Mish Michaels “Storm Chasing”

Mish Michaels is an Emmy Award winning broadcast meteorologist and environmental reporter. When Mish was in kindergarten, an F2 tornado ripped through her apartment complex just outside of Baltimore, Maryland. It is her earliest childhood memory, and she’s been searching the skies ever since. Mish has been affiliated with the Meteorology Department at UMass Lowell for over a decade, where she has taught a course called “Meteorological Communications.” Rescheduled from last year.

Monday
Mar
28
12:00 pm

Margaret Knight, Asst. Prof., UMass Lowell Dept. of Nursing “Diversity in Health Care”

Health care will continue to be a “hot topic” over the next several decades. As the U.S. demographics continue to shift, providing culturally competent health care becomes critical in order to decrease health disparities, improve access to care and decrease the financial burden associated with illness care.
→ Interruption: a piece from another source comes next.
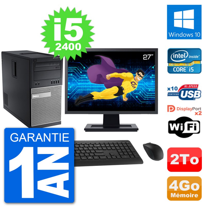 PC Dell 7010 MT - Intel Core i5-2400 3.1 Ghz (6 Mo) - 4 Go DDR3 - Disque Dur 3,5" 2 To - Graveur DVD - Clef Wifi USB - Windows 10 - Livré avec Ecran 27" + clavier + souris (Marques et modèles variables) - Garantie 1 an.

Yet, the current healthcare work- force does not adequately represent the ethnic and cultural diversity of the country. Programs focused on the recruitment and retention of diverse individuals in college and university health related programs are greatly needed.

This is one of this season’s “Lunchtime Lectures at the Inn & Conference Center.” See October 18 program note above for details about reserving a seat for the lecture and lunch.

Sunday
Apr
3
2:00 pm

Tom Sexton “I Think Again of Those Ancient Chinese Poets”

Tom Sexton, a Lowell High graduate and Alumni Hall of Famer and former Poet Laureate of Alaska, will read from his work in progress, The Final Chapter, which is a collection of sonnets about growing up in Lowell in the 1940s and 50s. He will also read from his new book, I Think Again of Those Ancient Chinese Poets, a collection of eight-line poems, and discuss the craft of poetry.

Sunday
Apr
10
2:00 pm

J. Dennis Robinson “The Super Big Story of America’s Smallest Seacoast”

Squashed between Maine and Massachusetts, New Hampshire claims just 17 measly miles of coastline. It has only one port. So how come Portsmouth, N.H. (population 20,000), is widely considered one of America’s top heritage destinations today? Award-winning author J. Dennis Robinson rockets you through 400 years of New Hampshire seacoast history with attitude. Before Lexington and Concord, for example, Paul Revere took his first ride to Portsmouth, N.H. And who saved the Pilgrims from starving in 1623? That’s right, a guy from New Hampshire. Forget what you learned in school, Robinson says, because this stuff wasn’t in your textbook but it’s all true.

Monday
Apr
25
12:00 pm

Regina Panasuk, Prof., UMass Lowell Graduate School of Education “Transforming Learning with Technology: Reality and Controversy”

It’s hard to talk about changing education, never mind transforming it. Education is, after all, the one institution to which we entrust our children for the larger part of a day. Discussions about changing education run the gamut of emotions, raise tensions and reveal deeply held beliefs whether accurate or not.

This is one of this season’s “Lunchtime Lectures at the Inn & Conference Center.” See October 18 program note above for details about reserving a seat for the lecture and lunch.

Saturday
Apr
30
7:00 pm

Angkor Dance Troup, New England Orchestra & the Lowell Youth Orchestra “Where East Meets West: Cultural Fusion in Music and Dance”

The concert centers around the fascinating music of Cambodian-American composer Chinary Ung, while the Angkor Dancers explore a mix of court and folk dance in which monkeys court mermaids and giants battle divine princes. Conducted by Kay G. Roberts, Prof., UMass Lowell Dept. of Music.